Béla’s Letters, by Jeff Ingber, is a hauntingly beautiful tour through history, leading us through the lives of one family via the precious artifact of letters, one of the historian’s best friends. They are stitched together with narrative from Béla’s point of view, the author’s conjecture for it was written after Béla’s passing. This was a very personal book for the author, for it is his gift honoring family. He is the son of Béla Ingber.

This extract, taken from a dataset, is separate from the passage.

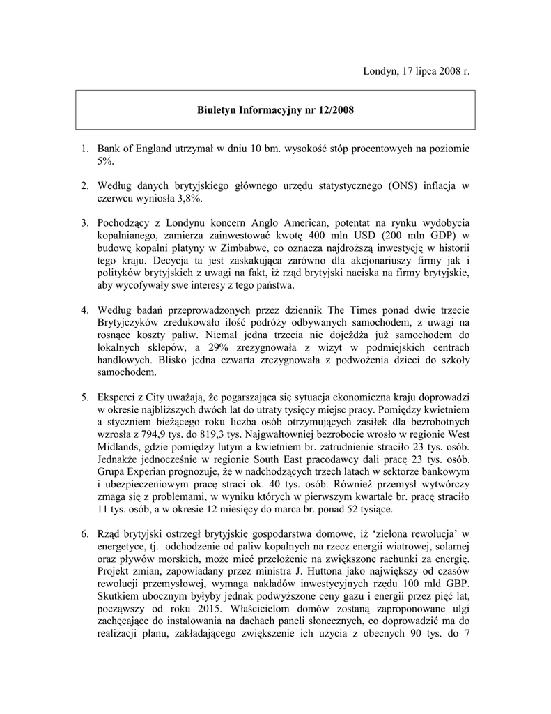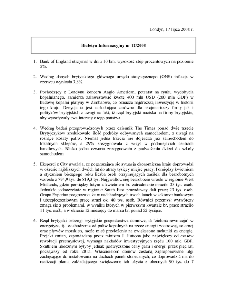 Londyn, 17 lipca 2008 r. Biuletyn Informacyjny nr 12/2008 1. Bank of England utrzymał w dniu 10 bm. wysokość stóp procentowych na poziomie 5%. 2. Według danych brytyjskiego głównego urzędu statystycznego (ONS) inflacja w czerwcu wyniosła 3,8%. 3. Pochodzący z Londynu koncern Anglo American, potentat na rynku wydobycia kopalnianego, zamierza zainwestować kwotę 400 mln USD (200 mln GDP) w budowę kopalni platyny w Zimbabwe, co oznacza najdroższą inwestycję w historii tego kraju. Decycja ta jest zaskakująca zarówno dla akcjonariuszy firmy jak i polityków brytyjskich z uwagi na fakt, iż rząd brytyjski naciska na firmy brytyjskie, aby wycofywały swe interesy z tego państwa. 4. Według badań przeprowadzonych przez dziennik The Times ponad dwie trzecie Brytyjczyków zredukowało ilość podróży odbywanych samochodem, z uwagi na rosnące koszty paliw. Niemal jedna trzecia nie dojeżdża już samochodem do lokalnych sklepów, a 29% zrezygnowała z wizyt w podmiejskich centrach handlowych. Blisko jedna czwarta zrezygnowała z podwożenia dzieci do szkoły samochodem. 5. Eksperci z City uważają, że pogarszająca się sytuacja ekonomiczna kraju doprowadzi w okresie najbliższych dwóch lat do utraty tysięcy miejsc pracy. Pomiędzy kwietniem a styczniem bieżącego roku liczba osób otrzymujących zasiłek dla bezrobotnych wzrosła z 794,9 tys. do 819,3 tys. Najgwałtowniej bezrobocie wrosło w regionie West Midlands, gdzie pomiędzy lutym a kwietniem br. zatrudnienie straciło 23 tys. osób. Jednakże jednocześnie w regionie South East pracodawcy dali pracę 23 tys. osób. Grupa Experian prognozuje, że w nadchodzących trzech latach w sektorze bankowym i ubezpieczeniowym pracę straci ok. 40 tys. osób. Również przemysł wytwórczy zmaga się z problemami, w wyniku których w pierwszym kwartale br. pracę straciło 11 tys. osób, a w okresie 12 miesięcy do marca br. ponad 52 tysiące. 6. Rząd brytyjski ostrzegł brytyjskie gospodarstwa domowe, iż ‘zielona rewolucja’ w energetyce, tj. odchodzenie od paliw kopalnych na rzecz energii wiatrowej, solarnej oraz pływów morskich, może mieć przełożenie na zwiększone rachunki za energię. Projekt zmian, zapowiadany przez ministra J. Huttona jako największy od czasów rewolucji przemysłowej, wymaga nakładów inwestycyjnych rzędu 100 mld GBP. Skutkiem ubocznym byłyby jednak podwyższone ceny gazu i energii przez pięć lat, począwszy od roku 2015. Właścicielom domów zostaną zaproponowane ulgi zachęcające do instalowania na dachach paneli słonecznych, co doprowadzić ma do realizacji planu, zakładającego zwiększenie ich użycia z obecnych 90 tys. do 7 milionów w okresie nadchodzących 12 lat. Plan zakłada również 90%-owy wzrost użytkowania pomp cieplnych, pobierających ciepło z ziemi oraz powietrza. 7. Jednocześnie w roku bieżącym konsumenci powinni liczyć się z potencjalnymi podwyżkami cen energii rzędu 40% w wyniku rosnących cen hurtowych gazu, które uległy niemal potrojeniu w ostatnim roku. 8. Qatar Investment Authority (QIA) zainwestowało 1,7 mld GBP, przejmując 7,7% udziałów w Barclays, trzecim co do wielkości banku w Wielkiej Brytanii. Celem banku jest pozyskanie łącznie 4,5 mld GBP. 9. Network Rail, odpowiedzialna za brytyjską infrastrukturę kolejową, twierdzi, że rządowe plany zwiększenia wydajności kolei o 22,5% do roku 2014 nie przystają do rzeczywistości, gdyż na niektórych odcinkach wymagane jest zwiększenie wydajności o 10% w skali roku. Bardzo silnie rośnie popyt na usługi kolejowe, wynikający głównie z wysokich kosztów mieszkania w Londynie oraz rosnących cen paliw. W ostatnich dziesięciu latach liczba pasażerów kolei wzrosła o 40%, a transportowanych ładunków o 60%, przy jednoczesnym zwiększeniu liczby pociągów jedynie o 20%. 10. Gordon Brown popiera projekt wybudowania w ciągu najbliższych 15 lat co najmniej 8 nowych elektrowni atomowych. Brown stał się zagorzałym zwolennikiem energii jądrowej po ujawnieniu wyników badań wskazujących, że świat będzie musiał wybudować tysiąc nowych elektrowni atomowych, aby osiągnąć cele zakładane w polityce redukcji emisji CO2 i zmniejszenia uzależnienia od paliw kopalnych. Wszystkie dotychczasowe brytyjskie elektrownie atomowe, oprócz siłowni Sizewell B uruchomionej w 1995 roku, zostaną wyłączone w ciągu najbliższych 15 lat. W Wielkiej Brytanii znajduje się 10 elektrowni atomowych generujących 10 gigawatów energii, tj. 19% brytyjskiego zapotrzebowania. 11. Koncern Scottish Coal będzie dostarczać węgiel dla Scottish Power za kwotę 700 milionów GBP w ciągu pięciu najbliższych lat. Większość spalanego w siłowniach Scottish Power węgla (4-6 mln ton rocznie) jest importowana, jednakże przy dynamicznie rosnących cenach na rynku światowym wytwórcy energii w Wielkiej Brytanii zaczynają się obawiać o koszty związane z wykorzystaniem importowanego węgla. Scottish Coal zdecydował się sprzedawać rocznie 2 miliony ton węgla, czyli połowę swojego rocznego wydobycia Scottish Power, żeby zasilić dwie elektrownie węglowe. Dzięki zawarciu umowy spodziewane jest powstanie stu nowych stanowisk pracy. 12. BAE Systems i VT Group podpisały kontrakt na budowę dwóch lotniskowców dla Royal Navy, co zwiększy przychody obu przedsiębiorstw o 3 miliardy GBP i pozwoli na utworzenie 10 tysięcy nowych miejsc pracy. Brytyjskie Ministerstwo Obrony podkreśliło, że okręty wejdą do służby w latach 2014–16. Okręty mają przenosić myśliwce nowego typu i będą nosić imiona: HMS Queen Elizabeth i HMS Prince of Wales. 13. Parlamentarzyści brytyjscy ostrzegają, że koszty utylizacji instalacji umieszczonych w starych elektrowniach atomowych mogą znacząco przekroczyć szacowane przez rząd 73 miliardy GBP, co oznacza ich wzrost o 30% od 2003 roku, przy czym niewykluczony jest dalszy wzrost nakładów. Informacje te pojawiły się w czasie, gdy National Dec

Spanning eight decades, we follow Béla through seemingly carefree times as an youth, through the terrible killing time that was the Holocaust, through the aftermath and an arrival to America, where his fledgling family can finally put down roots again. Decades drift by, separating him from those terrible times. Children turn adult, granting grandchildren in turn. Siblings and close friends succumb to the inevitable march of time.
There is nostalgia for a childhood long gone, for the past of one’s youngest years almost always seems a better time than the present, right? There is profound sadness and unmitigated fear at the horror of one of humanity’s darkest moments, when an entire people felt the twinned weights of hatred and abandonment descend upon them. A time of slaughter, claiming millions of lives. There is hope in the aftermath, and worry as well, as shattered lives and broken families begin the long, slow mending process. Scattered throughout the book are pictures of Béla and other family and friends.
That’s so hard for me to comprehend, the sheer numbers involved. I was reminded of my visits to the Holocaust Museum in Washington DC, of the pictures magnified to cover entire walls, making truth hard to deny, of the near suffocating weight of fear and sadness still clinging to recovered artifacts, filling the rooms that held them — piles of shoes, piles of clothes, a railcar, most horrific of all, a clear pillar filled with expended zyklon-B cannisters.
Books like Béla’s Letters, like The Diary of Anne Frank, Schindler’s List, Irena’s Children, The Boy in the Striped Pajamas, they call to us to never forget. They honor the past with remembrance. They are our collective Othala, the bitter part of our inheritance, the inheritance of us all, for the children of those who suffered, those who fought, those who stood by, those who actively took part. None of us must ever forget.
I have seen reviews of this book in other places that criticize the length, saying it should be cut down. At 500 plus pages, it is a long novel. However, I strongly disagree that it is too long. For a book following decades of a person’s life, which were hardly decades that were boring, a book of this length is warranted. I was never once concerned with ‘how long it was’. No, I found it to be a deeply engrossing read that flowed quick and easy.
Highly recommended. Perfect for those who enjoy historical fiction, especially regarding World War II. I am loathe to say ‘’if you like books about the Holocaust’, because, frankly, I would think something quite wrong with you if you liked them. However, to say ‘if books about the Holocaust fascinate you’ you’ll enjoy this book.